## Task to complete:
Once you have read the entries below, write them all out again exactly.

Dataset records

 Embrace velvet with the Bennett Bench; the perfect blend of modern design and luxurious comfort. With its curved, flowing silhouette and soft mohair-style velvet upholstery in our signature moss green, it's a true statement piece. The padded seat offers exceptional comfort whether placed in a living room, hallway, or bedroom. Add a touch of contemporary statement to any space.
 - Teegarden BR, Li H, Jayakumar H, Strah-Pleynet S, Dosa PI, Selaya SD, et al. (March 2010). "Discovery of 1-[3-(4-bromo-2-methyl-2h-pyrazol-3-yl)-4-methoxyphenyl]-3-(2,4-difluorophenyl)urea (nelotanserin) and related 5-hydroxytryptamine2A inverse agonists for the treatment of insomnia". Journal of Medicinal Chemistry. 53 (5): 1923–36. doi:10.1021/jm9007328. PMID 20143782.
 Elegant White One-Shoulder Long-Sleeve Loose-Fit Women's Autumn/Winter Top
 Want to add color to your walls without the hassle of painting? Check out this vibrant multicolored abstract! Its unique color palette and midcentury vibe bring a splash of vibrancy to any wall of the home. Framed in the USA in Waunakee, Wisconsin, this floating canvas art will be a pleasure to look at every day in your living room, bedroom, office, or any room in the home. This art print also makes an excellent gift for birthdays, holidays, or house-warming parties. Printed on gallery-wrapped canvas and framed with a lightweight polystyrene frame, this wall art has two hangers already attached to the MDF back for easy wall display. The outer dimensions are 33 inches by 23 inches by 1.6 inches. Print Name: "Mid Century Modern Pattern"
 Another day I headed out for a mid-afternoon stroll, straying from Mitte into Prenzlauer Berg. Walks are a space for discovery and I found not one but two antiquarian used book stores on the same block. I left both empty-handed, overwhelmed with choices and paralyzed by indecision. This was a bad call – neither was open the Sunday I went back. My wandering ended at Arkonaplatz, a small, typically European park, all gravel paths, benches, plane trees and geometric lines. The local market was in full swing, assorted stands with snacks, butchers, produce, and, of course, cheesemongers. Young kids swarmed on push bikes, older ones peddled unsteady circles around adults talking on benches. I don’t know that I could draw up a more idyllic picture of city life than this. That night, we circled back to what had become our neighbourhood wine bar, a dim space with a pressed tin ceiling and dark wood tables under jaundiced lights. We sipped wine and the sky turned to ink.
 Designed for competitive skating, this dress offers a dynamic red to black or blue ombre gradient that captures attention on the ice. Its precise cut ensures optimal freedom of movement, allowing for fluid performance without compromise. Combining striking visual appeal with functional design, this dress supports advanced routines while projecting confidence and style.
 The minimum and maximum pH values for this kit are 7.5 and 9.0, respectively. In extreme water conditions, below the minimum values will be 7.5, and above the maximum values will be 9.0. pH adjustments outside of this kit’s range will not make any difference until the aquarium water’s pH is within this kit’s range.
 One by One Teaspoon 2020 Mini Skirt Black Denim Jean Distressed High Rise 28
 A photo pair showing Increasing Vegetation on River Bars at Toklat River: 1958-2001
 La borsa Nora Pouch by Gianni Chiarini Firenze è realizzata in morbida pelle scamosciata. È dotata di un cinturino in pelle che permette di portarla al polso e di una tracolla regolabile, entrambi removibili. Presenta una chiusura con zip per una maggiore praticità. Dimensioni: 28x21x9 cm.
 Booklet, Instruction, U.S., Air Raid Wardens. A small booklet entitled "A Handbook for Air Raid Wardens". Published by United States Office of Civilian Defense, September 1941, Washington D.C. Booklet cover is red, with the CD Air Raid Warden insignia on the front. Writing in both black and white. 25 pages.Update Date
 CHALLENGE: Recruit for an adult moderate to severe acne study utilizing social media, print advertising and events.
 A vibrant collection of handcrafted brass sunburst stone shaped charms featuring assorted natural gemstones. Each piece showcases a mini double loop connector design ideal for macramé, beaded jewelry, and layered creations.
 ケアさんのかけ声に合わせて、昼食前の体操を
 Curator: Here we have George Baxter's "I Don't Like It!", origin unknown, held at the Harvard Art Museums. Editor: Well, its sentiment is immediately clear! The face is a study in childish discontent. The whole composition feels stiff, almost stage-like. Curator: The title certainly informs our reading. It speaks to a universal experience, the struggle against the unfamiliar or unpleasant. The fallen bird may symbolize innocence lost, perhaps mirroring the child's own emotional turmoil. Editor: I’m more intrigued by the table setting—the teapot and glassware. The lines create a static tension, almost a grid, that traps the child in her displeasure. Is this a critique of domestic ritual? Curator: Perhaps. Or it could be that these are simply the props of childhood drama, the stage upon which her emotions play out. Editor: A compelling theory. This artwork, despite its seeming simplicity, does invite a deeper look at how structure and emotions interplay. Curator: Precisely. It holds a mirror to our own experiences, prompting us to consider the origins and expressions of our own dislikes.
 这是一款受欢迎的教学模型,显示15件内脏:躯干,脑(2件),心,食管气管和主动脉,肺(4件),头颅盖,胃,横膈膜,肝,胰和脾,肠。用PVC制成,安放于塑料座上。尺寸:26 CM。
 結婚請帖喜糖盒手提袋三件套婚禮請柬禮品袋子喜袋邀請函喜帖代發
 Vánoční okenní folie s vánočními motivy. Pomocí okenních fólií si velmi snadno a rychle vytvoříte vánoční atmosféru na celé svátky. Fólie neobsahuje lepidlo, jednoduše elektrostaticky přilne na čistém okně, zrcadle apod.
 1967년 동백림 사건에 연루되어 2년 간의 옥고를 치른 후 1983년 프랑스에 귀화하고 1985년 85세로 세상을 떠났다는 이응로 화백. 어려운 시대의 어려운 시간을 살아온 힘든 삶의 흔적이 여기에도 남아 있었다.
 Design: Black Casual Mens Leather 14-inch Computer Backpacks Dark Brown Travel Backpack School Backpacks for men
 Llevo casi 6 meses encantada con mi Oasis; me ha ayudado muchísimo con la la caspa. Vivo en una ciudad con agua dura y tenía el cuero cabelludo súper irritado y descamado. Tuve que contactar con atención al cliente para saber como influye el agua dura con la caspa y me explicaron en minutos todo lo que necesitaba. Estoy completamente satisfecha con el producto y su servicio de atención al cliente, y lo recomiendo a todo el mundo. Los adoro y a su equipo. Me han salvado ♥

## Finished exercise:
 Embrace velvet with the Bennett Bench; the perfect blend of modern design and luxurious comfort. With its curved, flowing silhouette and soft mohair-style velvet upholstery in our signature moss green, it's a true statement piece. The padded seat offers exceptional comfort whether placed in a living room, hallway, or bedroom. Add a touch of contemporary statement to any space.
 - Teegarden BR, Li H, Jayakumar H, Strah-Pleynet S, Dosa PI, Selaya SD, et al. (March 2010). "Discovery of 1-[3-(4-bromo-2-methyl-2h-pyrazol-3-yl)-4-methoxyphenyl]-3-(2,4-difluorophenyl)urea (nelotanserin) and related 5-hydroxytryptamine2A inverse agonists for the treatment of insomnia". Journal of Medicinal Chemistry. 53 (5): 1923–36. doi:10.1021/jm9007328. PMID 20143782.
 Elegant White One-Shoulder Long-Sleeve Loose-Fit Women's Autumn/Winter Top
 Want to add color to your walls without the hassle of painting? Check out this vibrant multicolored abstract! Its unique color palette and midcentury vibe bring a splash of vibrancy to any wall of the home. Framed in the USA in Waunakee, Wisconsin, this floating canvas art will be a pleasure to look at every day in your living room, bedroom, office, or any room in the home. This art print also makes an excellent gift for birthdays, holidays, or house-warming parties. Printed on gallery-wrapped canvas and framed with a lightweight polystyrene frame, this wall art has two hangers already attached to the MDF back for easy wall display. The outer dimensions are 33 inches by 23 inches by 1.6 inches. Print Name: "Mid Century Modern Pattern"
 Another day I headed out for a mid-afternoon stroll, straying from Mitte into Prenzlauer Berg. Walks are a space for discovery and I found not one but two antiquarian used book stores on the same block. I left both empty-handed, overwhelmed with choices and paralyzed by indecision. This was a bad call – neither was open the Sunday I went back. My wandering ended at Arkonaplatz, a small, typically European park, all gravel paths, benches, plane trees and geometric lines. The local market was in full swing, assorted stands with snacks, butchers, produce, and, of course, cheesemongers. Young kids swarmed on push bikes, older ones peddled unsteady circles around adults talking on benches. I don’t know that I could draw up a more idyllic picture of city life than this. That night, we circled back to what had become our neighbourhood wine bar, a dim space with a pressed tin ceiling and dark wood tables under jaundiced lights. We sipped wine and the sky turned to ink.
 Designed for competitive skating, this dress offers a dynamic red to black or blue ombre gradient that captures attention on the ice. Its precise cut ensures optimal freedom of movement, allowing for fluid performance without compromise. Combining striking visual appeal with functional design, this dress supports advanced routines while projecting confidence and style.
 The minimum and maximum pH values for this kit are 7.5 and 9.0, respectively. In extreme water conditions, below the minimum values will be 7.5, and above the maximum values will be 9.0. pH adjustments outside of this kit’s range will not make any difference until the aquarium water’s pH is within this kit’s range.
 One by One Teaspoon 2020 Mini Skirt Black Denim Jean Distressed High Rise 28
 A photo pair showing Increasing Vegetation on River Bars at Toklat River: 1958-2001
 La borsa Nora Pouch by Gianni Chiarini Firenze è realizzata in morbida pelle scamosciata. È dotata di un cinturino in pelle che permette di portarla al polso e di una tracolla regolabile, entrambi removibili. Presenta una chiusura con zip per una maggiore praticità. Dimensioni: 28x21x9 cm.
 Booklet, Instruction, U.S., Air Raid Wardens. A small booklet entitled "A Handbook for Air Raid Wardens". Published by United States Office of Civilian Defense, September 1941, Washington D.C. Booklet cover is red, with the CD Air Raid Warden insignia on the front. Writing in both black and white. 25 pages.Update Date
 CHALLENGE: Recruit for an adult moderate to severe acne study utilizing social media, print advertising and events.
 A vibrant collection of handcrafted brass sunburst stone shaped charms featuring assorted natural gemstones. Each piece showcases a mini double loop connector design ideal for macramé, beaded jewelry, and layered creations.
 ケアさんのかけ声に合わせて、昼食前の体操を
 Curator: Here we have George Baxter's "I Don't Like It!", origin unknown, held at the Harvard Art Museums. Editor: Well, its sentiment is immediately clear! The face is a study in childish discontent. The whole composition feels stiff, almost stage-like. Curator: The title certainly informs our reading. It speaks to a universal experience, the struggle against the unfamiliar or unpleasant. The fallen bird may symbolize innocence lost, perhaps mirroring the child's own emotional turmoil. Editor: I’m more intrigued by the table setting—the teapot and glassware. The lines create a static tension, almost a grid, that traps the child in her displeasure. Is this a critique of domestic ritual? Curator: Perhaps. Or it could be that these are simply the props of childhood drama, the stage upon which her emotions play out. Editor: A compelling theory. This artwork, despite its seeming simplicity, does invite a deeper look at how structure and emotions interplay. Curator: Precisely. It holds a mirror to our own experiences, prompting us to consider the origins and expressions of our own dislikes.
 这是一款受欢迎的教学模型,显示15件内脏:躯干,脑(2件),心,食管气管和主动脉,肺(4件),头颅盖,胃,横膈膜,肝,胰和脾,肠。用PVC制成,安放于塑料座上。尺寸:26 CM。
 結婚請帖喜糖盒手提袋三件套婚禮請柬禮品袋子喜袋邀請函喜帖代發
 Vánoční okenní folie s vánočními motivy. Pomocí okenních fólií si velmi snadno a rychle vytvoříte vánoční atmosféru na celé svátky. Fólie neobsahuje lepidlo, jednoduše elektrostaticky přilne na čistém okně, zrcadle apod.
 1967년 동백림 사건에 연루되어 2년 간의 옥고를 치른 후 1983년 프랑스에 귀화하고 1985년 85세로 세상을 떠났다는 이응로 화백. 어려운 시대의 어려운 시간을 살아온 힘든 삶의 흔적이 여기에도 남아 있었다.
 Design: Black Casual Mens Leather 14-inch Computer Backpacks Dark Brown Travel Backpack School Backpacks for men
 Llevo casi 6 meses encantada con mi Oasis; me ha ayudado muchísimo con la la caspa. Vivo en una ciudad con agua dura y tenía el cuero cabelludo súper irritado y descamado. Tuve que contactar con atención al cliente para saber como influye el agua dura con la caspa y me explicaron en minutos todo lo que necesitaba. Estoy completamente satisfecha con el producto y su servicio de atención al cliente, y lo recomiendo a todo el mundo. Los adoro y a su equipo. Me han salvado ♥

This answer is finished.